I think I need to row back on this. It looks like map_range() does act on live
pgtables; see map_kernel() where twopass == true. init_pg_dir is populated then
installed in TTBR1, then permissions are modified with 3 [un]map_segment()
calls, which call through to map_range().

So on that basis, I think the WRITE_ONCE() calls are warranted. And to be
consistent, I'd additionally recommend adding a READ_ONCE() around the:

if (pte_none(*tbl)) {

Thanks,
Ryan

> 
> Will
Will Deacon Aug. 1, 2024, 1:23 p.m. UTC | #5
On Thu, Aug 01, 2024 at 01:48:17PM +0100, Ryan Roberts wrote:
> On 01/08/2024 12:34, Will Deacon wrote:
> > On Thu, Jul 25, 2024 at 11:36:56AM +0100, Ryan Roberts wrote:
> >> On 25/07/2024 10:10, Anshuman Khandual wrote:
> >>> Like else where in arm64 platform, use WRITE_ONCE() in map_range() while
> >>> creating page table entries. This avoids referencing page table entries
> >>> directly.
> >>
> >> I could be wrong, but I don't think this code is ever operating on live
> >> pgtables? So there is never a potential to race with the HW walker and therefore
> >> no need to guarrantee copy atomicity? As long as the correct barriers are placed
> >> at the point where you load the pgdir into the TTBRx there should be no problem?
> >>
> >> If my assertion is correct, I don't think there is any need for this change.
> > 
> > Agreed.
> 
> I think I need to row back on this. It looks like map_range() does act on live
> pgtables; see map_kernel() where twopass == true. init_pg_dir is populated then
> installed in TTBR1, then permissions are modified with 3 [un]map_segment()
> calls, which call through to map_range().

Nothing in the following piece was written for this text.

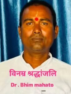 सरायकेला प्रखण्ड अन्तर्गत महालिमोरूप में स्थित मार्केट पर स्थानीय लोगों द्वारा डाॅ. भीम महतो के आकस्मिक निधन पर श्रद्धांजलि सभा का आयोजन किया गया। कार्यक्रम की शुरुआत डाॅ भीम महतो के चित्र पर पुष्प अर्पित कर किया गया। मौके पर मुरुप पंचायत के पूर्व मुखिया धनुराम महाली ने कहा कि उनके निधन से पंचायत के लोगो को गहरा आघात पहुंचा है। वह सिर्फ चिकित्सक ही नहीं थे, बल्कि लोगों के मार्गदर्शक भी थे। उनका अचानक निधन हो जाने से क्षेत्र के लोगों को अपूर्णीय क्षति हुई है। वही ग्राम प्रधान अश्वनी कुमार सिंहदेव ने बताया कि वह एक सरल स्वभाव और मिलनसार व्यक्ति थे।

I think the permission part is fine, but I hadn't spotted that
unmap_segment() uses map_range() to zap the ptes mapping the text. That
*does* need single-copy atomicity, so should probably use
__set_pte_nosync().

> So on that basis, I think the WRITE_ONCE() calls are warranted. And to be
> consistent, I'd additionally recommend adding a READ_ONCE() around the:
> 
> if (pte_none(*tbl)) {

Why? I don't think we need that.

Will
Ryan Roberts Aug. 1, 2024, 2:07 p.m. UTC | #6
On 01/08/2024 14:23, Will Deacon wrote:
> On Thu, Aug 01, 2024 at 01:48:17PM +0100, Ryan Roberts wrote:
>> On 01/08/2024 12:34, Will Deacon wrote:
>>> On Thu, Jul 25, 2024 at 11:36:56AM +0100, Ryan Roberts wrote:
>>>> On 25/07/2024 10:10, Anshuman Khandual wrote:
>>>>> Like else where in arm64 platform, use WRITE_ONCE() in map_range() while
>>>>> creating page table entries. This avoids referencing page table entries
>>>>> directly.
>>>>
>>>> I could be wrong, but I don't think this code is ever operating on live
>>>> pgtables? So there is never a potential to race with the HW walker and therefore
>>>> no need to guarrantee copy atomicity? As long as the correct barriers are placed
>>>> at the point where you load the pgdir into the TTBRx there should be no problem?
>>>>
>>>> If my assertion is correct, I don't think there is any need for this change.
>>>
>>> Agreed.
>>
>> I think I need to row back on this. It looks like map_range() does act on live
>> pgtables; see map_kernel() where twopass == true. init_pg_dir is populated then
>> installed in TTBR1, then permissions are modified with 3 [un]map_segment()
>> calls, which call through to map_range().
> 
> I think the permission part is fine, but I hadn't spotted that
> unmap_segment() uses map_range() to zap the ptes mapping the text. That
> *does* need single-copy atomicity, so should probably use
> __set_pte_nosync().

Yes, nice.

> 
>> So on that basis, I think the WRITE_ONCE() calls are warranted. And to be
>> consistent, I'd additionally recommend adding a READ_ONCE() around the:
>>
>> if (pte_none(*tbl)) {
> 
> Why? I don't think we need that.

I Agree its not technically required. I was suggesting it just for consistency with the other change. So perhaps __ptep_get()?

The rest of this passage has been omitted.